I think it won't take long until there's a serious challenge to NATO, maybe in the Baltics. And then if there's not a serious and convincing response, he will go further. At the same time, if populist and far-right forces gain ground in Europe, political resistance to Russia could weaken, allowing its influence to grow while the EU’s diminishes. Our security, as we have known it for the past two or three decades, will be totally called into question and basically will disappear.

We will be in danger of military attack by Russia, of further hybrid strategies and of increasing authoritarianism. It will be a different world than the one that we're used to living in.

 

O. Kandyuk: So the last question - in your view, what are the key risks to Ukraine's EU accession process, and how can they be mitigated in the context of ongoing conflict? I mean, if you were asked to outline possible scenarios for Ukraine's integration into the EU, which 2-3 options would you describe?

 

S. Stewart: Well, there's the nice scenario, right, where Ukraine continues to reform at a decent pace. And then the EU also manages either to reform itself or to decide that actually it can take on Ukraine and other countries without reforming. And so there's somehow, for whatever reasons, enough momentum to have people agree to that.

But that's a rather unlikely scenario. Then there's the scenario of Ukraine going part of the way and maybe moving through some of these stages like integrating into the internal market, etc. It would be a huge stage to achieve.

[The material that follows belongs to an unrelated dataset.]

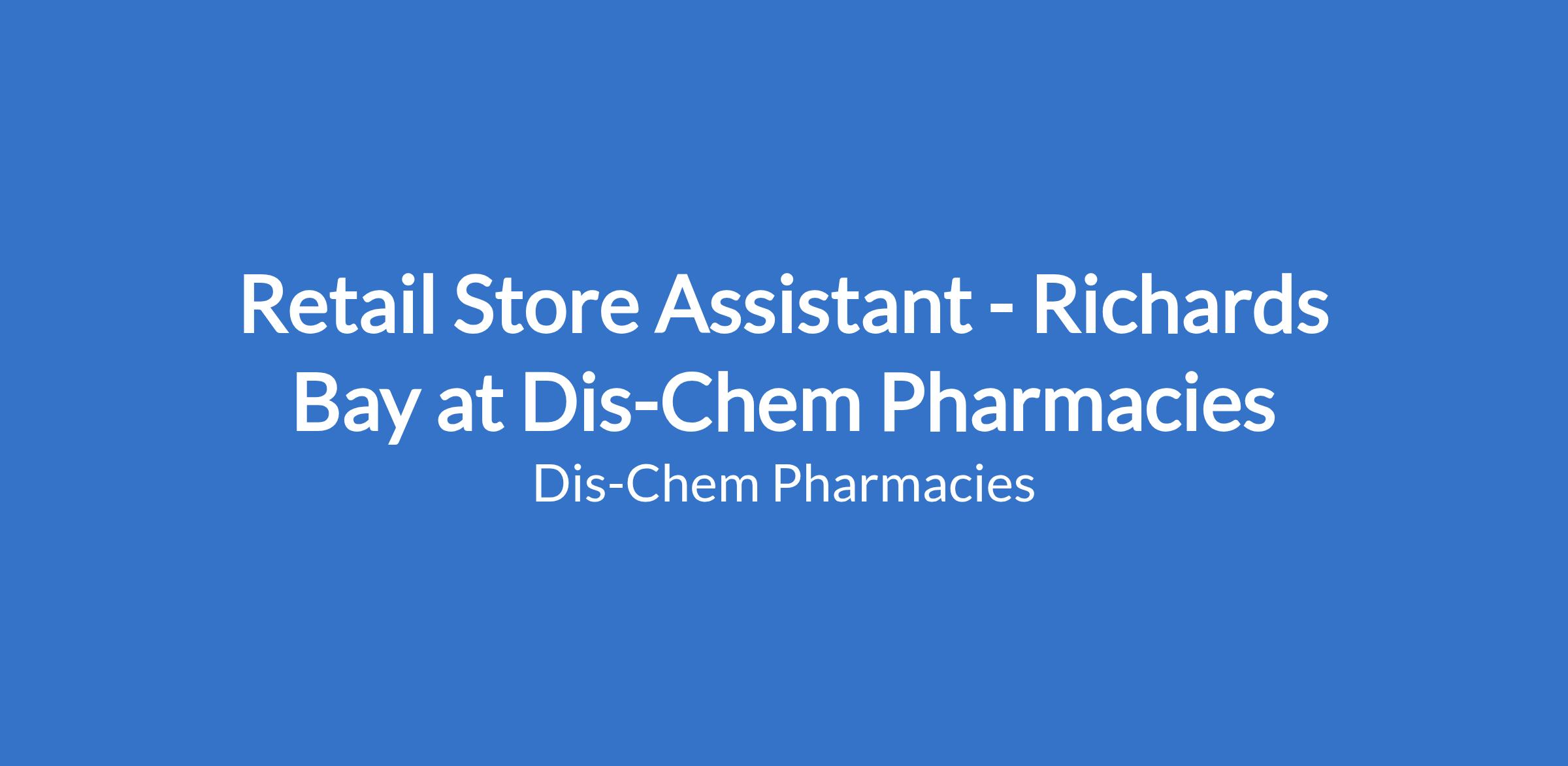 Dis-Chem Pharmacies' Richards Bay store has an opportunity available for a Retail Store Assistant to join the team. The main purpose of this role will be assist with the overall management of the store to ensure, operational and administrative duties are performed as per the standard policy and procedure.

Ukraine will move along the process, but at some point it will slow down and get stuck. Either because Ukraine isn't willing to take the next reform steps or because the EU isn't ready for that, either because of certain member states or because it's not willing to reform itself internally and claims that this is necessary to go further, or it decides that it wants a different model.

Alternatively, geopolitical shifts—such as a renewed focus on relations with Russia—could deprioritize Ukraine’s accession, relegating it to a peripheral status. Over time, both sides might lose interest and then end up with something like the Turkey model, where technically Ukraine is still a candidate state, but actually neither side is really pursuing the process. I think those are some potential scenarios.

Of course, there’s still the possibility of an even more extreme scenario: the EU fails to continue to exist. So there's no EU integration after all. We should not rule that out completely.